For this exercise, copy all the data exactly and include none of the pictures.

_Stored data_.

__________

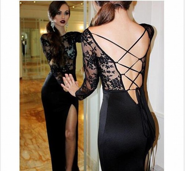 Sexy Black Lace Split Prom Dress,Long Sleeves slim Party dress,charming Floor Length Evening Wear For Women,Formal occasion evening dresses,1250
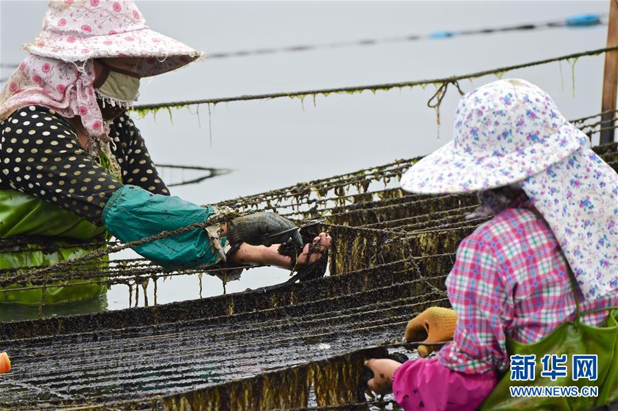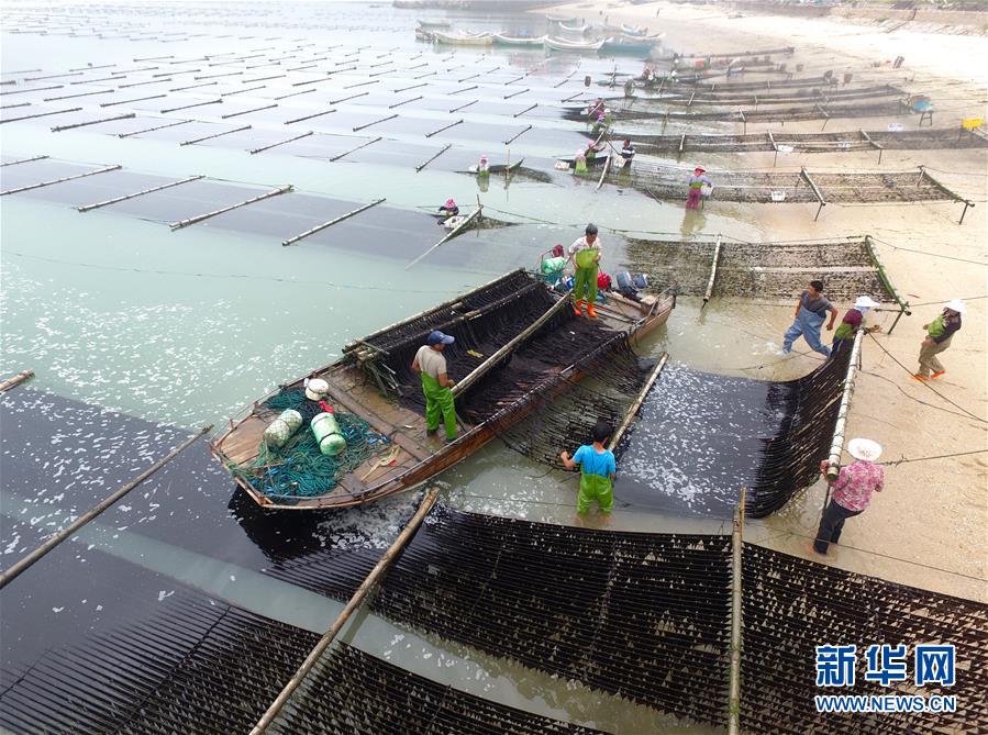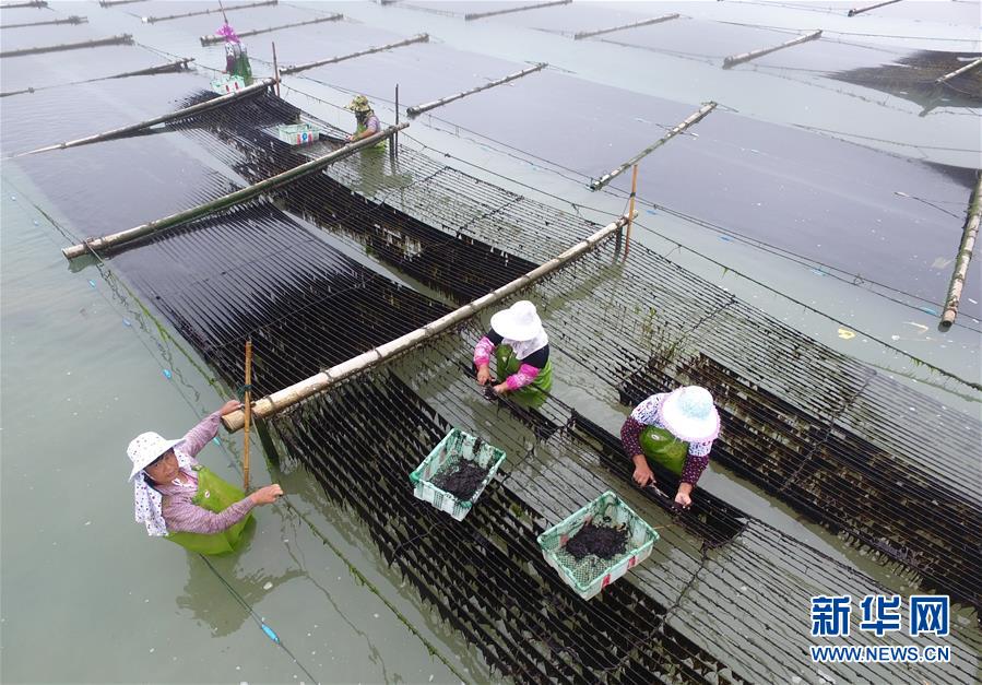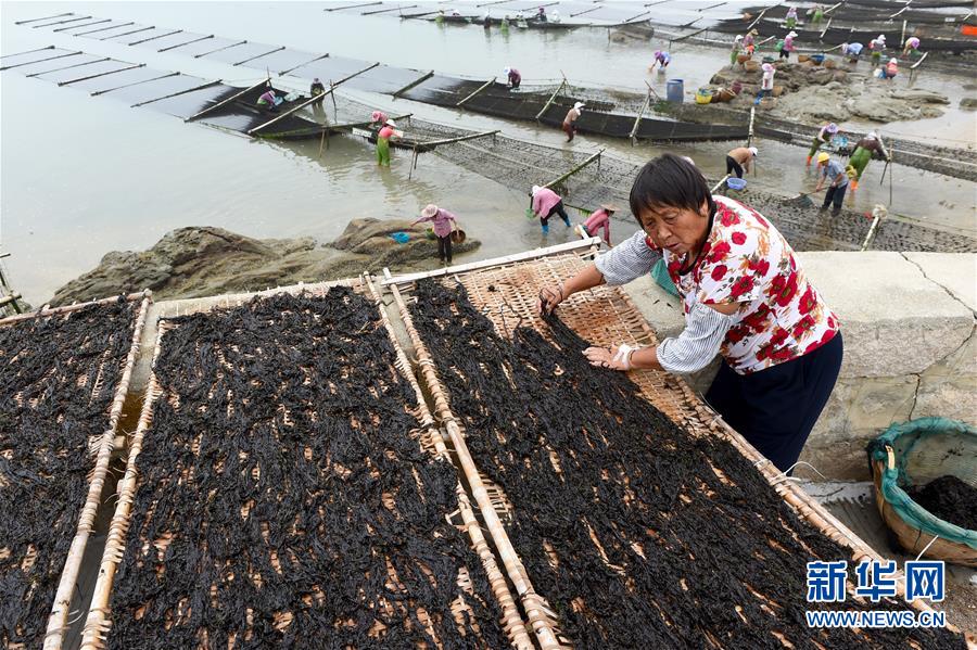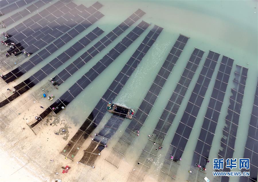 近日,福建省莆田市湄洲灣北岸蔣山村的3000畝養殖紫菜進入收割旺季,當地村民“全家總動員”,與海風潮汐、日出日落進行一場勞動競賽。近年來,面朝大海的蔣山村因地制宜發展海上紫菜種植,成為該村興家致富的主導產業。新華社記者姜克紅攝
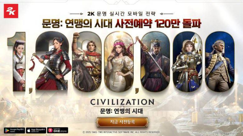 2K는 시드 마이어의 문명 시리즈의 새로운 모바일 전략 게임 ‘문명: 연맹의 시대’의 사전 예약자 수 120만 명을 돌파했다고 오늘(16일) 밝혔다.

__________

_The answer_.
 Sexy Black Lace Split Prom Dress,Long Sleeves slim Party dress,charming Floor Length Evening Wear For Women,Formal occasion evening dresses,1250
 近日,福建省莆田市湄洲灣北岸蔣山村的3000畝養殖紫菜進入收割旺季,當地村民“全家總動員”,與海風潮汐、日出日落進行一場勞動競賽。近年來,面朝大海的蔣山村因地制宜發展海上紫菜種植,成為該村興家致富的主導產業。新華社記者姜克紅攝
 2K는 시드 마이어의 문명 시리즈의 새로운 모바일 전략 게임 ‘문명: 연맹의 시대’의 사전 예약자 수 120만 명을 돌파했다고 오늘(16일) 밝혔다.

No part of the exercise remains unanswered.